• **EXERCISE**
Using the records below, quote only the span that opens with the line containing "5D Diamond Painting" and closes with the line containing "纬漫纪同款不上架-EITIE", exactly and inclusively.
+++ RECORDS FOR THE EXERCISE +++
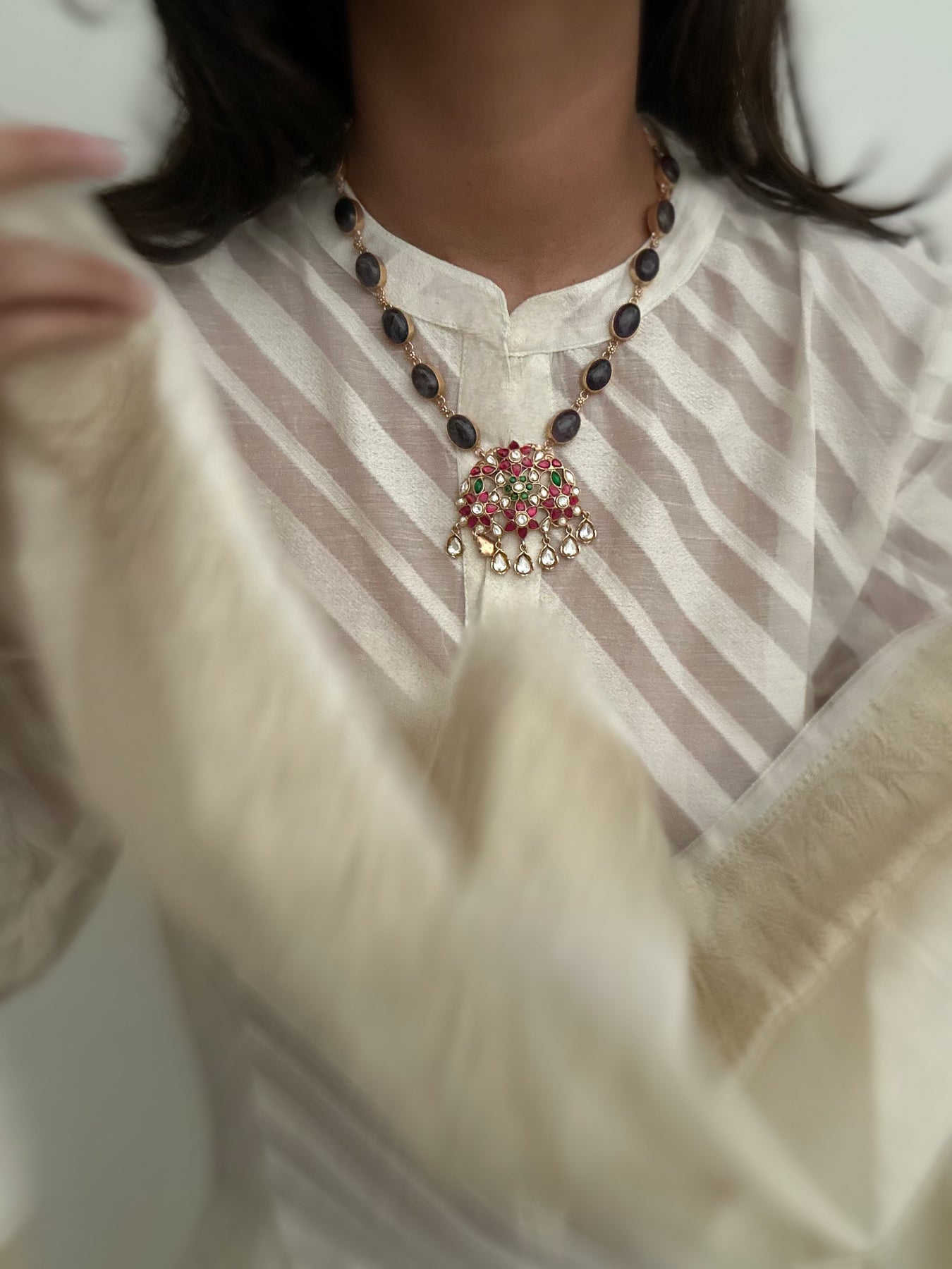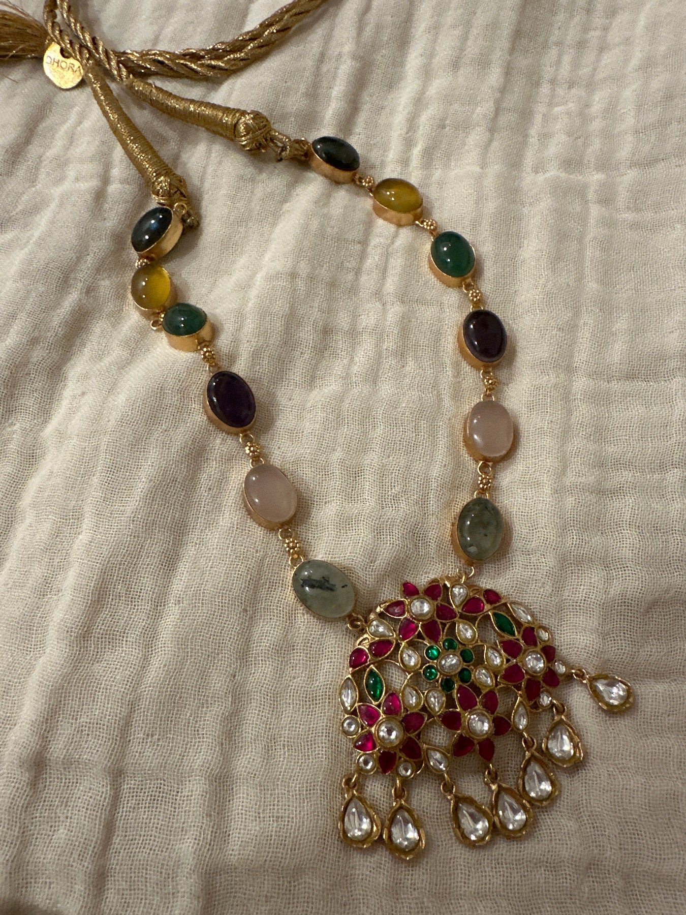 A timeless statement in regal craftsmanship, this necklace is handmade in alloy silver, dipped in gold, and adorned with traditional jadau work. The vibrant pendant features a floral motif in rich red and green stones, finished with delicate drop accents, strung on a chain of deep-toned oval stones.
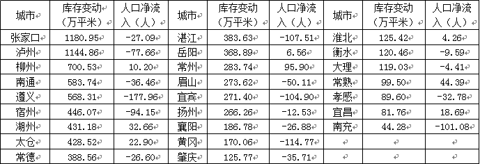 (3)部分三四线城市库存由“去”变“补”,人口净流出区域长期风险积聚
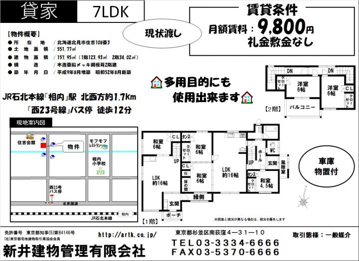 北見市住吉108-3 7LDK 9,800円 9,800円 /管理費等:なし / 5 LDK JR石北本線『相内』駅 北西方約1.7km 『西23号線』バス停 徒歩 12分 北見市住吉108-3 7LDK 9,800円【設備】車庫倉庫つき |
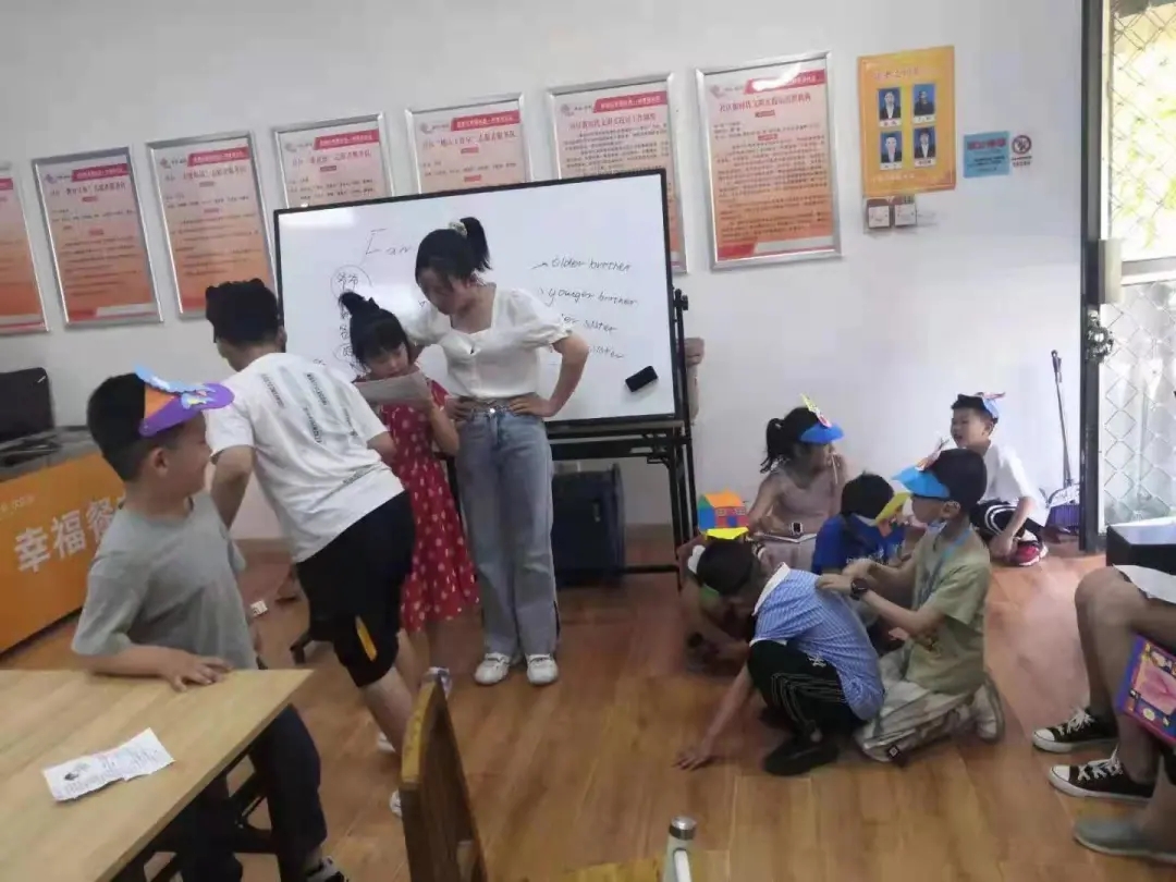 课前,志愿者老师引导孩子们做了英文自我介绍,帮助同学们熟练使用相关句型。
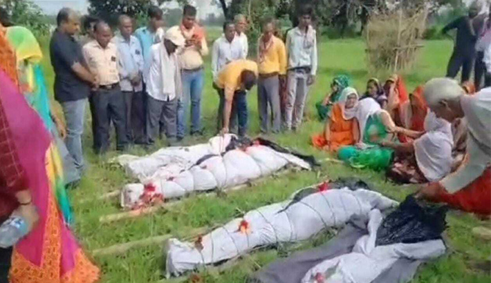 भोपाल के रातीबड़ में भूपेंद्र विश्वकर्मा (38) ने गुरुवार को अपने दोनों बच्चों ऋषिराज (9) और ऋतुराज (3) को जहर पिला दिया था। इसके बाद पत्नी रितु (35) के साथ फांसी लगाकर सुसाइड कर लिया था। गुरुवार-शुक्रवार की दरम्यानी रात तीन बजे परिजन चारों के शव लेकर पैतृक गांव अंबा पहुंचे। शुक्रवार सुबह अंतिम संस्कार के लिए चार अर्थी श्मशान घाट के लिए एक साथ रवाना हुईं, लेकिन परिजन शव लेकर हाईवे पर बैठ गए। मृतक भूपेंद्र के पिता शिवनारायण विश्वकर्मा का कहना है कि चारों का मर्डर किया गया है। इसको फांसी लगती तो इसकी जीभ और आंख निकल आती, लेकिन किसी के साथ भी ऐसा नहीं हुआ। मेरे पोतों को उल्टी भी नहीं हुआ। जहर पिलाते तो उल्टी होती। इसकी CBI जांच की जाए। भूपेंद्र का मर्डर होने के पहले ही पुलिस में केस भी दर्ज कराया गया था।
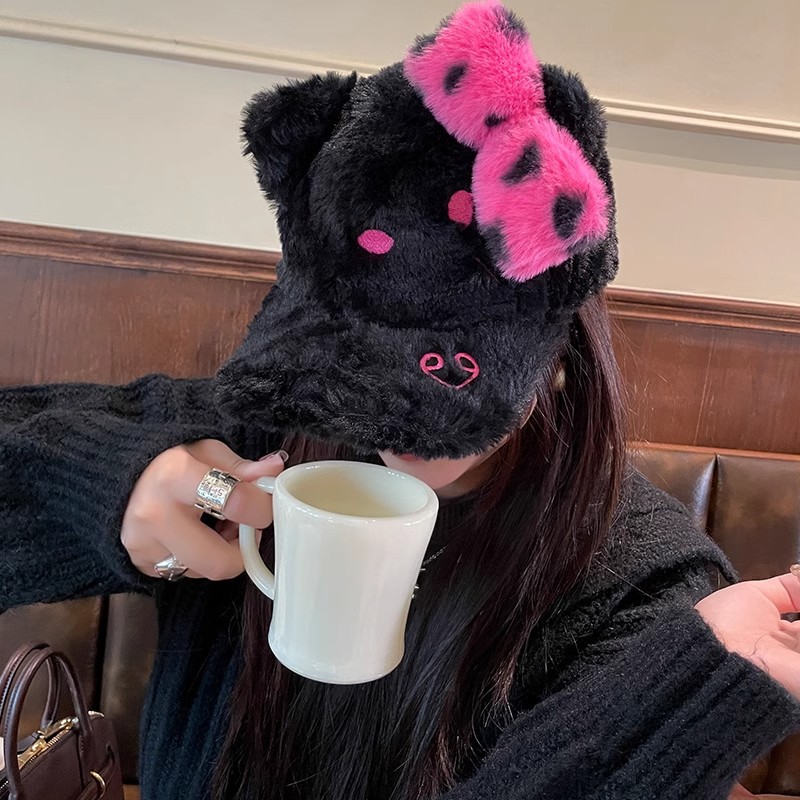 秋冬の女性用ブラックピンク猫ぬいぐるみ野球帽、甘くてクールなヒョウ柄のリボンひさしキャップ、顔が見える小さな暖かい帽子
+++
+++ RECORDS FOR THE EXERCISE +++
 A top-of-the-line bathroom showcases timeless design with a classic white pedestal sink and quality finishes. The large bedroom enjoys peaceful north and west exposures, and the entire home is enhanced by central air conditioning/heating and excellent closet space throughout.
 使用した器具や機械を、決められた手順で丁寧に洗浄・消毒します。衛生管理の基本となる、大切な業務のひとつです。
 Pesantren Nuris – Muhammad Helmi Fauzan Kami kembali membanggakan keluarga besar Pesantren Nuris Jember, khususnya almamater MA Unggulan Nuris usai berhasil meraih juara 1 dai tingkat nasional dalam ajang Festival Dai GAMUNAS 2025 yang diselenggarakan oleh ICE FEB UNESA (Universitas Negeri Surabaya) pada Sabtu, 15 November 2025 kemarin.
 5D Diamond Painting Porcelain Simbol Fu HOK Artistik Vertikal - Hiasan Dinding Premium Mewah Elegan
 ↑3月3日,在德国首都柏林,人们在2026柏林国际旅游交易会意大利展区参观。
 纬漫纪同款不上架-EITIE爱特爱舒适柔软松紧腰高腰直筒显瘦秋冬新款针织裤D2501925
+++
• **RESPONSE FOR THIS EXERCISE**
 5D Diamond Painting Porcelain Simbol Fu HOK Artistik Vertikal - Hiasan Dinding Premium Mewah Elegan
 ↑3月3日,在德国首都柏林,人们在2026柏林国际旅游交易会意大利展区参观。
 纬漫纪同款不上架-EITIE爱特爱舒适柔软松紧腰高腰直筒显瘦秋冬新款针织裤D2501925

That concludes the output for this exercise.